As it becomes more apparent that the deterioration of the overall home building market will not be resuscitated by year-end, Scottsdale, Ariz.-based Meritage Homes joins several other public companies by proactively amending its revolving credit agreement to reduce the potential pressure on needed cash flow.

Separately, Dominion Homes, which has triggered covenants governing its credit facility, has gotten its lenders to agree to a modification of terms, according to an 8K filing with the Securities and Exhange Commission.

The Meritage amendment permanently decreases the borrowing capacity under the credit agreement, which matures in 2011, by $50 million to $800 million and modifies the applicable interest rate depending on the leverage ratio.

"We are focused on improving our balance sheet strength by reducing inventory and debt," said Steven J. Hilton, chairman and CEO of Meritage Homes. "This amendment is a pre-emptive measure that provides us additional operating flexibility as market conditions for home builders continue to be very challenging."

In order to capitalize on the reduction period, Meritage is required to provide notice to Guaranty Bank of its intention to exercise this allowance before June 30, 2008.

Specific parameters of the agreement include:

- A reduction in the minimum interest coverage ratio from 2.0 to 1.0 for a reduction period of up to nine consecutive quarters. In addition, a further reduction of the interest coverage ratio to not less than 0.5 for a period of up to three consecutive quarters during the reduction period. On June 30, 2007, the interest coverage ratio under the credit agreement was 4.95 for the trailing 12-month period.

- During the interest coverage ratio reduction period, Meritage will be prohibited from repurchasing any of its common stock, repurchasing or prepaying any senior notes or subordinated debt, or paying dividends and will receive no credit in the borrowing base for unimproved entitled land.

- Outside of the reduction period, Meritage receives borrowing base credit for 50% of the value of unimproved entitled land.

- During the reduction period, land and lots under development and unimproved entitled land in the aggregate may not comprise more than 30% of the borrowing base, compared to 40% for periods not in the reduction period.

The Dominion filing with the SEC states, "Certain unwaived Events of Default have occurred and are continuing under the Credit Agreement." Those events include the company's failure to comply with minimum EBITDA covenants; the minimum consolidated gross profit covenant , and the minimum net worth covenant , all for the quarter ended June 30. The filing also states, "There may be other Defaults or Events of Default of which the Agents and the Lenders are not currently aware."

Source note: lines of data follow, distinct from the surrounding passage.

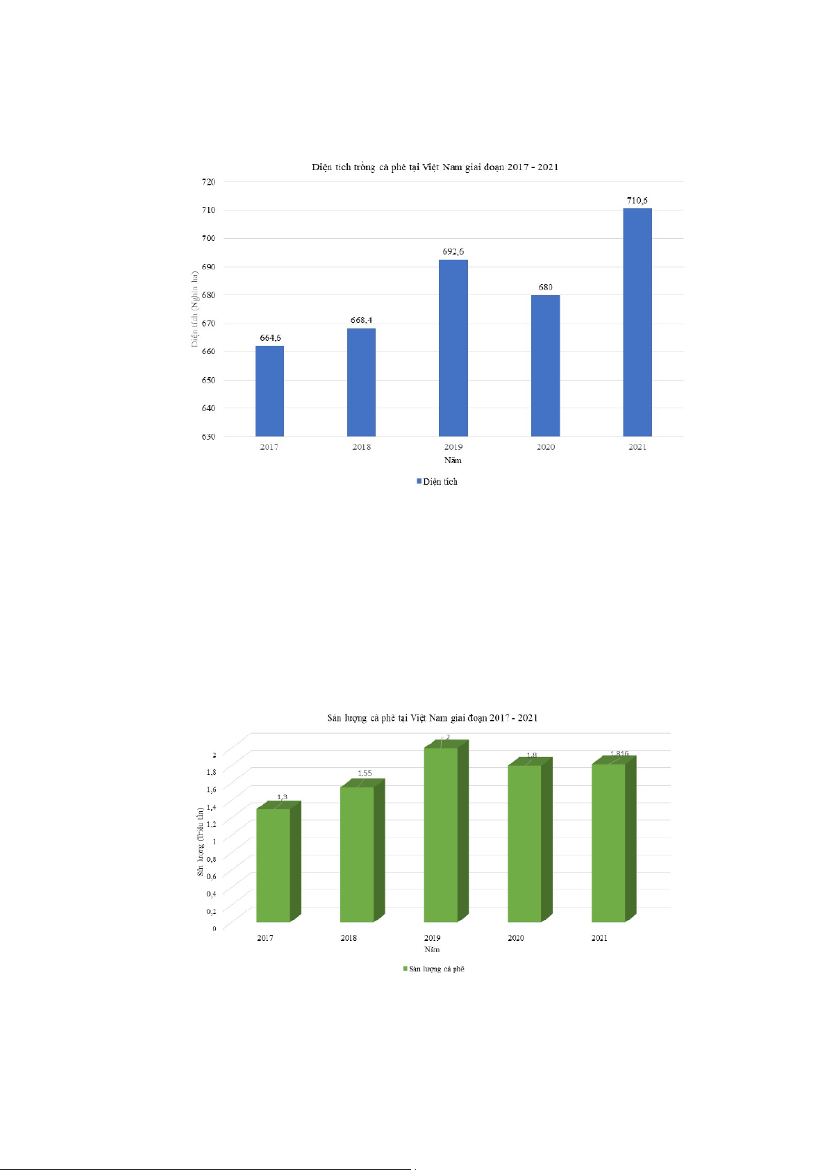 Hình 3. Biểu đồ thể hiện diện tích trồng cà phê tại Việt Nam giai đoạn 2017–2021.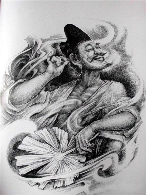 一组满背大气九龙拉棺纹身图案作品和手稿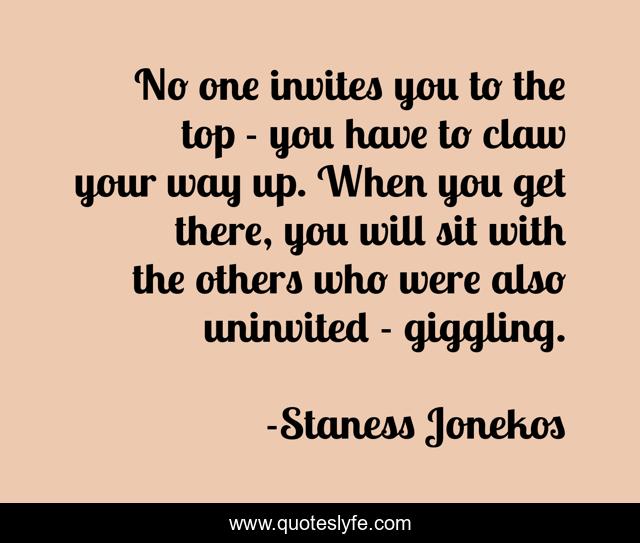 This page presents the quote "No one invites you to the top - you have to claw your way up. When you get there, you will sit with the others who were also uninvited - giggling.". Author of this quote is Staness Jonekos. This quote is about enthusiasm, happiness, inspirational, women,.

The filing says the company's lenders have agreed to "allow the Company to borrow up to the lesser of (i) $9,000,000 in excess of the borrowing base limitation, or (ii) an amount equal to $209,000,000 minus the aggregate principal of the Company's Term Loans and Revolving Loans outstanding under the Credit Agreement. Any such overadvance borrowings must be paid in full at the earlier of (i) one business day after the Company receives written notice from the Senior Administrative Agent that the lenders have elected in their sole discretion to discontinue the availability of overadvance borrowings, or (ii) December 29, 2010."